Develop a robust machine learning model capable of performing spectral analysis on human voice during swallowing assessments. Validate the model's performance against screening test labeling. Improve the quality and efficiency of swallowing assessments, particularly in the context of post-acute stroke care. Explore the incorporation of advanced technologies such as Visual Transformers to enhance the model's capabilities. Getting Started Refer to the Getting Started Guide for instructions on how to install, run, and use this project.

How to Get Started

This repository uses Docker containers to run the machine learning notebooks. Prior to starting, we recommend installing and updating Docker to the latest version. If you are using Linux, make sure you set up the nvidia container toolkit to be able to use GPU acceleration. This repository was tested on Windows 11 and Ubuntu 22.04.

You can use the Makefile to automate the process of building and running the notebooks.

To build the tensorflow docker:

make build-tensorflow

To run the tensorflow docker:

make run-tensorflow

Please note the docker images will automatically start jupyter lab servers as this repository mainly relies on python notebooks for the ML experiments. You can similarly run the Pytorch docker images.

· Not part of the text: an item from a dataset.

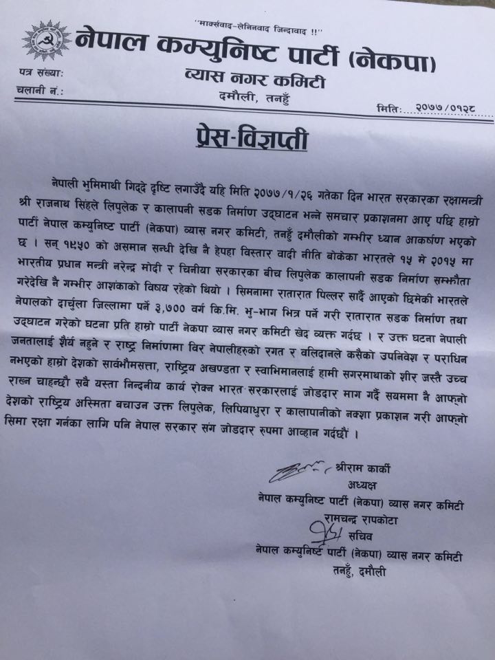 नेपाल कम्युनिष्ट पार्टी (नेकपा) व्यास नगर कमिटीले नेपालको सीमा रक्षा गर्नको लागि सरकारसँग आह्वान गरेको छ । देशको राष्ट्रिय अस्मिता बचाउन लिपुलेक, लिपियाधुरा र कालापानीको नक्सा प्रकाशन गर्न पनि सरकार सगँ माग गरेको छ ।
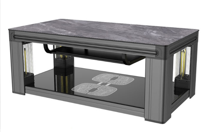 岩板、底玻同色、脉冲理疗、隐形电磁炉、智能语音、镀金管发热、翻转屏、童锁、5小时自动待机(可自由设定)、智能温控保护、收纳电源线、USB插口、中层置物,单控

After running the Docker Image, open Jupyter Lab in your browser and go the sample base notebook

If you have prepared the dataset and placed it under the Audio Data folder (see the next section on preparing the dataset), you should be able to simply run the CNN notebook without modifications.

Preparing the Dataset

This repository provides preprocessing code to convert raw audio signals to spectrogram images.

Introduction

The Audio Processing Toolkit is designed to facilitate the loading, processing, and analysis of .wav audio files. This toolkit can handle multiple audio transformations like Mel spectrograms and Superlets. It also has utilities for batch processing of audio files, categorizing them into 'Pass' and 'Fail' based on certain conditions.

Features

  • Load .wav audio files from a specified directory
  • Apply Superlet and Mel transformations
  • Export processed data as images
  • Generate histograms for 'Pass' and 'Fail' sound file lengths
  • Supports custom epoch durations, sample rates, and more

Installation

pip install -r requirements.txt

Usage

To use the toolkit, you will need to edit the main.py file. Here are the primary areas you might want to customize:

1. Input and Output Directories

Edit the following lines to specify the directory containing the .wav files you wish to process and where the output should be saved:

path = "Audio Data/For Processing"
output_path = "Audio Data/Outputs/"

2. Audio Processing Parameters

You can customize the epoch duration, overlap, and other parameters by editing these lines:

epoch_duration = 0.5
overlap = 0.5
min_power = 0
target_sampling_rate = 22050
output_type = 'mel'

After configuring, run main.py to start the processing. This will create the dataset that will be used in the deep learning notebooks included in this repository.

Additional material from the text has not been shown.